InterHarmony International Music Festival, which has been taking place in various European and American cities for the past 12 summers, will present a series of three concerts at Weill Recital Hall studded with an array of musical highlights from the Festival. The first performance takes place October 25, with additional concerts taking place January 25 and March 21, 2013.

Curated by InterHarmony Founder and Music Director, award-winning cellist Misha Quint, the performance features Quint, violinist Andrzej Grabiec and pianist Svetlana Gorokhovich. The October 25 program includes two contemporary works: Jennifer Higdon’s Piano Trio (2003) and the New York premiere of Thomas Fortmann’s Prolitheus Suite for Violin, Piano and Cello (2010), as well as Sergei Rachmaninoff’s Trio élégiaque No. 1 in G minor for Violin, Cello and Piano (1892) and Antonín Dvořák’s beloved Piano trio No. 4 in E minor, “Dumky,” Op. 90 (1891).
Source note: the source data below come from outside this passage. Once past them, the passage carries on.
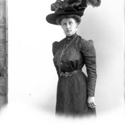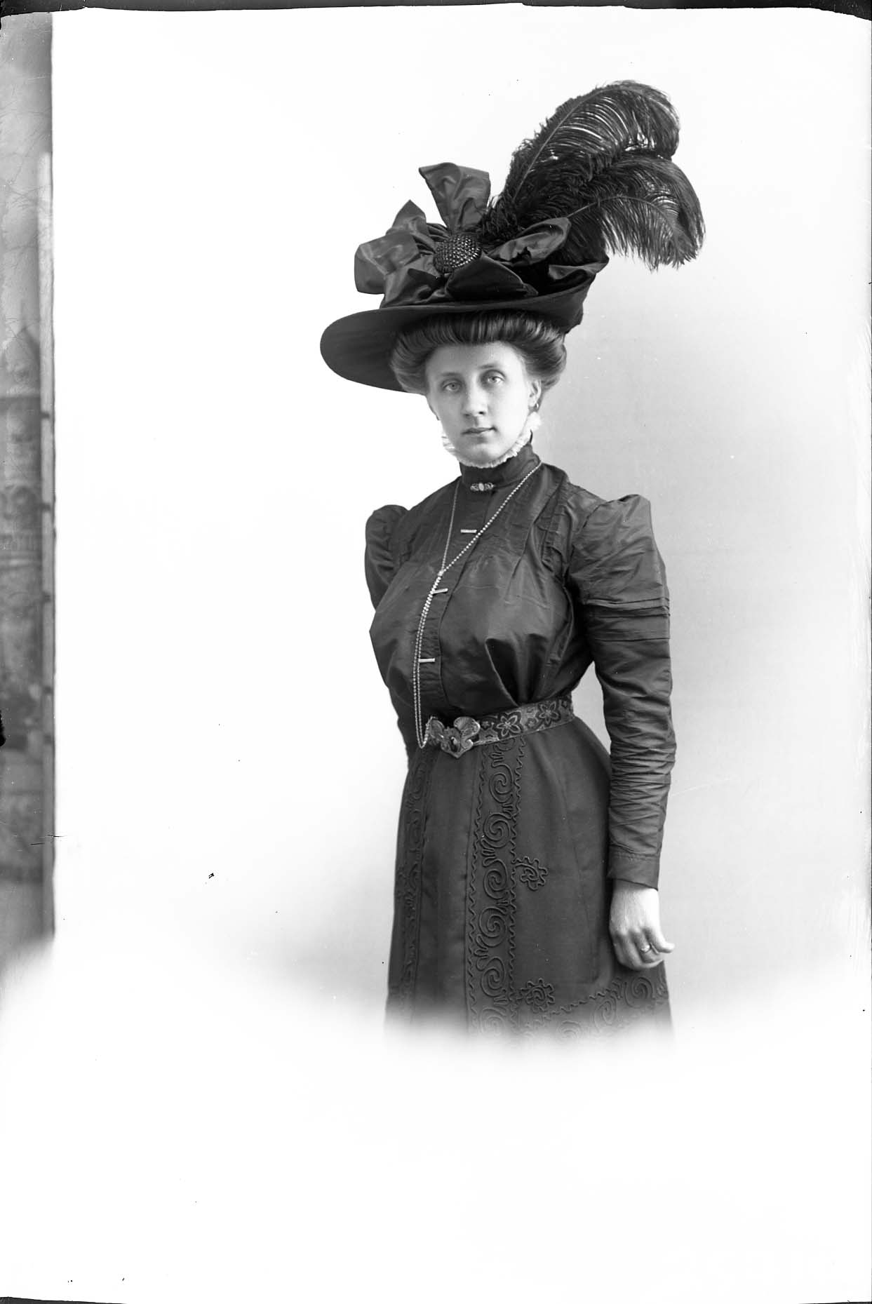 Unidentified woman in a large hat, decorated with feathers and bows, is standing with her hands at her sides.
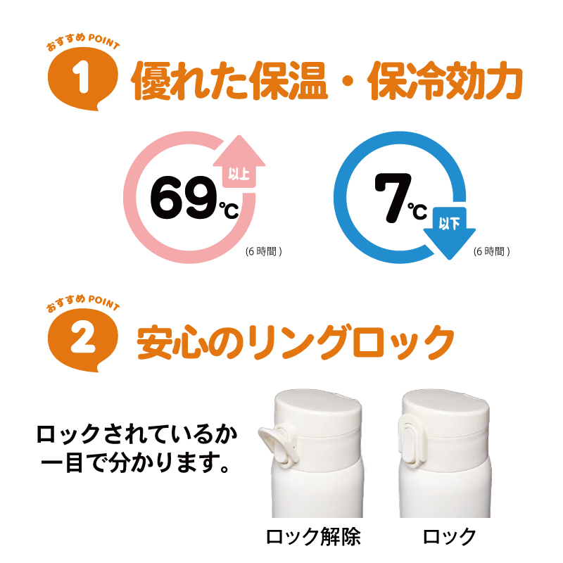 保温効力:69℃以上、保冷効力:7度以下(6時間)
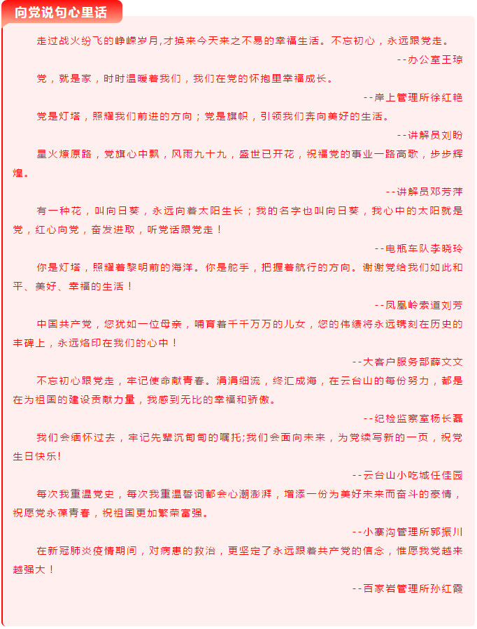 不忘初心,砥礪前行向黨說句心里話!讓我們一起來聆聽云臺山人的心聲——
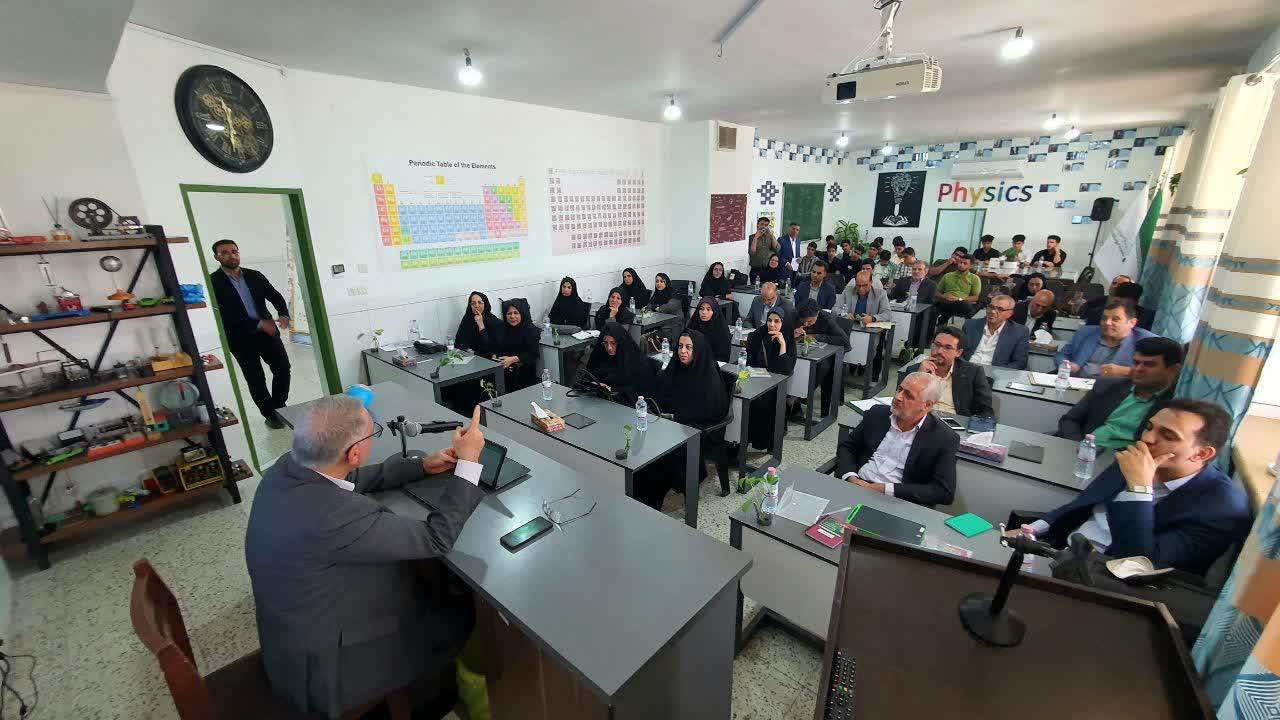 بازدید دکتر امانی، مدیرکل شورای عالی آموزش و پرورش، از کلاس فیزیک دبیرستان حضرت جوادالائمه (ع)
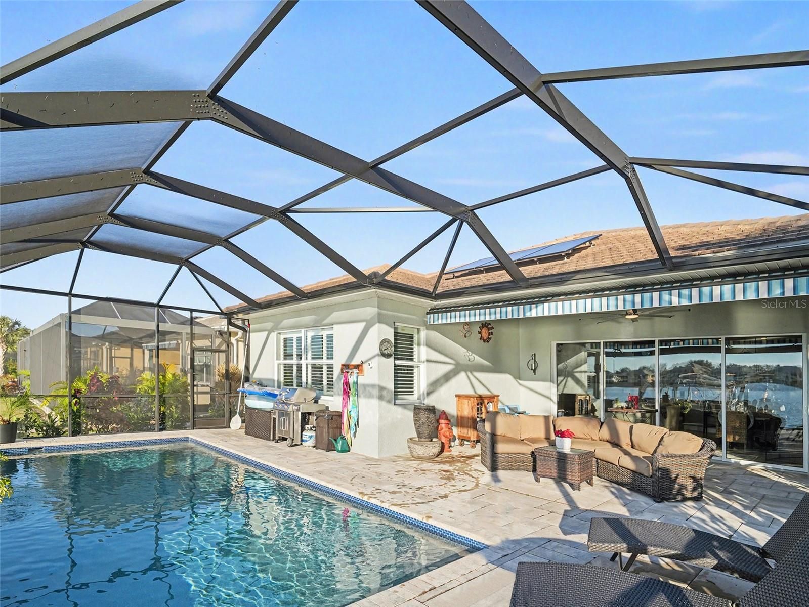 Experience luxurious waterfront living in this extensively updated residence, where nearly every detail has been thoughtfully upgraded. The curb appeal is immediate, featuring a freshly painted exterior, brand-new professionally designed landscaping with accent lighting, and a widened paver driveway leading to a garage finished with epoxy floors and built-in storage. Upon entering, you are greeted by a charming coastal tile accent in the entry niche, setting the tone for the sophisticated interior. Architectural details abound throughout the home, including tray ceilings, intricate crown molding, and updated custom light fixtures and fans. French doors open to a dedicated office space complete with a built-in closet. The heart of the home is the kitchen, which has been beautifully refreshed with updated cabinets and a new neutral tile backsplash. It is fully equipped with granite countertops, a gas range, pantry storage, and a reverse osmosis water system. The living room is highlighted by striking wood beams on the ceiling, while the dining area features a custom wood accent wall and custom plantation shutters. The guest wing is equally impressive, featuring a convenient Jack and Jill bathroom between the second and third bedrooms, updated with new cabinets and granite surfaces. The private primary suite is a true retreat, designed with a focus on relaxation and coastal elegance. The bedroom is defined by a beautiful tray ceiling with shiplap wood detailing and a contemporary ceiling fan, while large windows with plantation shutters offer serene waterfront views. This leads into the spa-like ensuite, which boasts a sprawling double vanity with new granite, grey-washed cabinetry, and custom-framed mirrors centered around a decorative tile niche. The space is completed by a deep soaking tub and a separate glass-enclosed walk-in shower featuring decorative tile accents. The true magic happens outdoors. An extended wall-to-wall slider door opens the living area completely to the expansive lanai, which is protected by upgraded "noseeum" screening and features motorized screens for ultimate comfort. Enjoy the ambiance of an optional water fountain before taking a dip in the brand-new, heated and cooled saltwater swimming pool with a cascading waterfall feature. A new paver walkway leads down to your private waterfront dock, fully equipped with power, water, a fish cleaning station, and a 12000lb lift. For the complete package, the current pontoon boat is negotiable at a $15,000 value. Practical upgrades throughout the property include a whole-home water softener, a utility sink in the laundry room, and an existing connection for a generator (generator negotiable).

2010 Pulitzer Prize-winner Jennifer Higdon, whose reputation has been rising with leaps and bounds since she began composing at 21, has always been fascinated by the connection between painting and music. “Can music reflect colors and can colors be reflected in music?” is a question she asks herself. For Higdon, melodies, harmonies and the instruments themselves are the composer’s paint and canvas. Piano Trio, originally commissioned by the Vail Valley Music Festival, embodies this fascination.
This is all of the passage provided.